Data for processing:
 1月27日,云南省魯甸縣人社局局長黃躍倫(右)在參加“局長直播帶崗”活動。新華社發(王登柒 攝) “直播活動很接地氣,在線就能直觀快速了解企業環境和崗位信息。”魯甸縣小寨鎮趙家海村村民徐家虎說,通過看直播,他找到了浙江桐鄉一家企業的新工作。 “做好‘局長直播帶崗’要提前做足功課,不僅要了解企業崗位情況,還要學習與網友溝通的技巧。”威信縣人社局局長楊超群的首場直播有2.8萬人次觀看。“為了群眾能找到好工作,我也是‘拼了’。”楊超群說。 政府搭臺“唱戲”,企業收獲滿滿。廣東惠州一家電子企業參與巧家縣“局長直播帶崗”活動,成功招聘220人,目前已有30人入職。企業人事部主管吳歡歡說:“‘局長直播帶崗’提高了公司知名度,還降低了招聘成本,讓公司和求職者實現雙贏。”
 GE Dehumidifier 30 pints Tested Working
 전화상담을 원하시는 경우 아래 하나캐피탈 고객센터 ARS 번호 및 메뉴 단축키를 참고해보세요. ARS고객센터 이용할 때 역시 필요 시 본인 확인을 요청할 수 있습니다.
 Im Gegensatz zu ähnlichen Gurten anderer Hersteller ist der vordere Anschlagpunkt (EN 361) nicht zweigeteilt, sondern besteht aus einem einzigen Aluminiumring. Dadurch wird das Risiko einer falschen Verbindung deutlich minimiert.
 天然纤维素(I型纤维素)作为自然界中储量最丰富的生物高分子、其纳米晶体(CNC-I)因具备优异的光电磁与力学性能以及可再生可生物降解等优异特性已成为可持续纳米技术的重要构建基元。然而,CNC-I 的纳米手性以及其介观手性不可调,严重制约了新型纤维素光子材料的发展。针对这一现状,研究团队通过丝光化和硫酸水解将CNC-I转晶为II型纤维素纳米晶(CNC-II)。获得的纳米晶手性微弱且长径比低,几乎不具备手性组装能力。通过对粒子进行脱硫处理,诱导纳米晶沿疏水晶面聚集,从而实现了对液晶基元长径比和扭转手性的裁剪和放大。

* * *

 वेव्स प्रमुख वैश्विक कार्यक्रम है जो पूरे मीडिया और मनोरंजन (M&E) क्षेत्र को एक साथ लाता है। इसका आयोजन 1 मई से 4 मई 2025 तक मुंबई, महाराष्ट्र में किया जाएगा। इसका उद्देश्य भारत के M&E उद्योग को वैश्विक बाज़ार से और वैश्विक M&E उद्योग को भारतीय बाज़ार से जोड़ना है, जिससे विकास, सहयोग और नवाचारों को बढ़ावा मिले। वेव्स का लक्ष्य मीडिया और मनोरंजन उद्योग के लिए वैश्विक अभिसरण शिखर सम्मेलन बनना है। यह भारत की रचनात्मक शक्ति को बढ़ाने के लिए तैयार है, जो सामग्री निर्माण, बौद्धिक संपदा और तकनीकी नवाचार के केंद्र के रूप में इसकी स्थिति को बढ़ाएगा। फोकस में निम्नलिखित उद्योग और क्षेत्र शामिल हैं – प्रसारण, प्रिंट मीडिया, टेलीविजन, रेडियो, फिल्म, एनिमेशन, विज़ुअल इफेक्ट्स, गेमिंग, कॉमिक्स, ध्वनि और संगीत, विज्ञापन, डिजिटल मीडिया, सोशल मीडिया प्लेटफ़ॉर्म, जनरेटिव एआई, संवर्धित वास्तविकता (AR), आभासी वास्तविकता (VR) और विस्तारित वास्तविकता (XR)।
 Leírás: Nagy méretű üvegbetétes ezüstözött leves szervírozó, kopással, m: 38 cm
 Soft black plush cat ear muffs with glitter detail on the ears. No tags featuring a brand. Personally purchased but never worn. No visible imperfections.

==

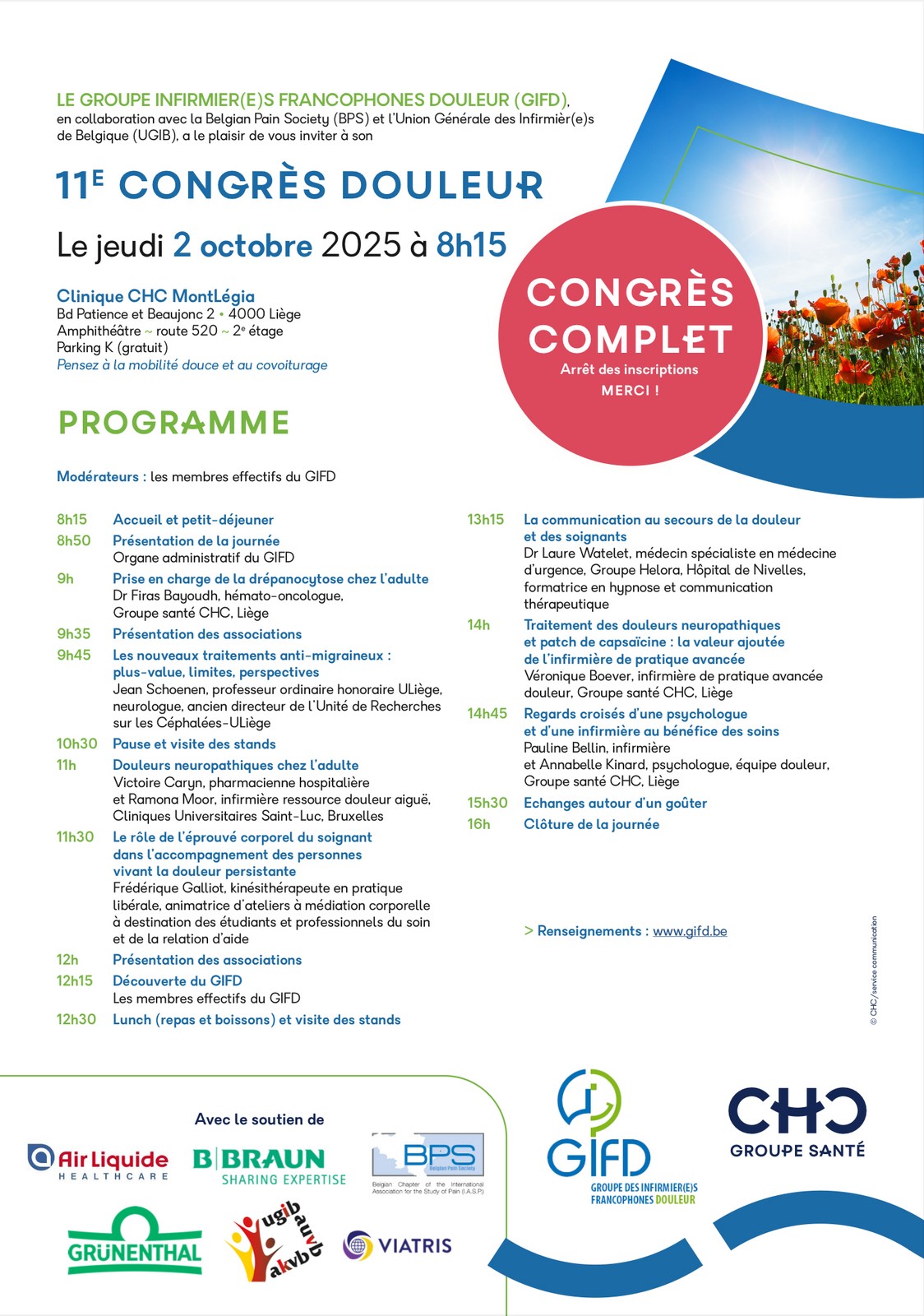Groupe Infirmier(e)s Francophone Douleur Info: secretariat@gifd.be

Your instructions:
Could you return exactly the stretch of the data above that starts at the line with "전화상담을 원하시는 경우" and ends at the line with "Im Gegensatz zu", both lines included?

Response:
 전화상담을 원하시는 경우 아래 하나캐피탈 고객센터 ARS 번호 및 메뉴 단축키를 참고해보세요. ARS고객센터 이용할 때 역시 필요 시 본인 확인을 요청할 수 있습니다.
 Im Gegensatz zu ähnlichen Gurten anderer Hersteller ist der vordere Anschlagpunkt (EN 361) nicht zweigeteilt, sondern besteht aus einem einzigen Aluminiumring. Dadurch wird das Risiko einer falschen Verbindung deutlich minimiert.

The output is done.